Step 1008: and the server performs video basic split-mirror data accumulation.

Here, video frames belonging to the same segment are acquired for base segment data accumulation.

The method and the device need to maintain 3 data sets, namely a lens hard case test set, a lens data set and a lens standard test set. Firstly, initializing a lens-splitting hard case test set to be null; initializing a lens splitting data set into a lens splitting result corresponding to a target lens in a uniformly distributed long video episode sample P; initializing a standard lens test set into a long video episode sample Q (without intersection with P) which is uniformly distributed, and manually cleaning a lens result corresponding to a target lens to obtain the standard lens test set; and adding the above mirror-division difficult-case pairs into a mirror-division database, and simultaneously adding the mirror-division difficult-case pairs into a mirror-division difficult-case test set.

Here, each test set contains A-B difficile pairs, which are: { a1, a2, … } and { B1, B2, B3, … }, which represent the a-segment mirror composed of a1 and a2 …, and the B-segment mirror of B1, B2 and B3, the intra-set images are similar to each other, and the outside-set images are dissimilar to each other. In each training, triples (Anchor, Positive and Negative) can be extracted as a sample combination, the Anchor is a reference image, the Positive is a Positive image belonging to the same lens as the reference image, and the Negative is a Negative image belonging to a different lens from the reference image, for example, (a1, a2, B1), (a1, a3, B2) can be extracted from A-B, and the task of the subsequent deep learning network model is to increase the Anchor-Positive similarity and decrease the Anchor-Negative similarity.

Step 1009: the server trains the deep learning network model.

Here, metric learning-based model training is achieved by the accumulated split-mirror data.
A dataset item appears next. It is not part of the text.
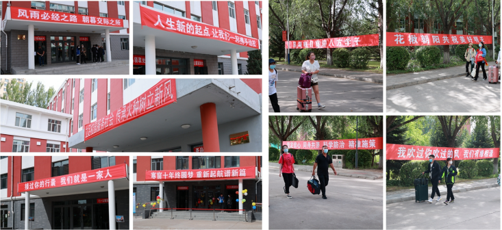 学校图书馆大屏幕上滚动播放着欢迎标语,楼门前、道路两旁悬挂着迎新条幅,校园内处处洋溢着新生报到的喜庆气氛。

In practical application, a gradient descent method based on SGD is adopted to update the convolution template parameter w and the bias parameter b of the deep learning network model, in each iteration process, a prediction result error is calculated and reversely propagated to each layer of the neural learning network, the gradient is calculated, and the parameter of the convolution neural network model is updated. The specific process is as follows: all parameters of the model are set to be in a state needing learning, forward calculation is carried out on three input images (Anchor, Positive and Negative) through a deep learning network model during training to obtain a prediction result, the value of a loss function is calculated based on the prediction result, the value of the loss function is transmitted back to the deep learning network model, and the model parameters are updated through a random gradient descent method, so that primary parameter optimization is realized. Here, 60 epochs are trained, each epoch traversing all A-B sample pairs in the training set (no sample pairs take 10 triples).
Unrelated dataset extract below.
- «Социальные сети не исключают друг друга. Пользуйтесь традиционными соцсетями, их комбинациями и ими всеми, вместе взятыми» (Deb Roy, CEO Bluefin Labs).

Here, the loss function is

Wherein a is a reference image, p is a positive image, n is a negative image, f function is a deep learning network model, and alpha value is 0.2.

Step 1010: the server updates a deep learning network model for extracting graph-embedded features.

And if the model obtained through the index test training accords with the updating effect, updating the deep learning network model so as to realize video split-mirror through the updated deep learning network model.

In practical application, firstly, randomly extracting 10 triples from all standard sample pairs A-B of a microscope standard test set to form a test subset 1; the total time is 10 times, and 10 test subsets are formed; for each testing subset, extracting the graph embedding characteristics of three images in the triples by adopting a pre-trained neural learning network model, calculating the value of the Loss function according to the Loss function, and recording the average value of the values of the Loss functions of all the triples as Loss.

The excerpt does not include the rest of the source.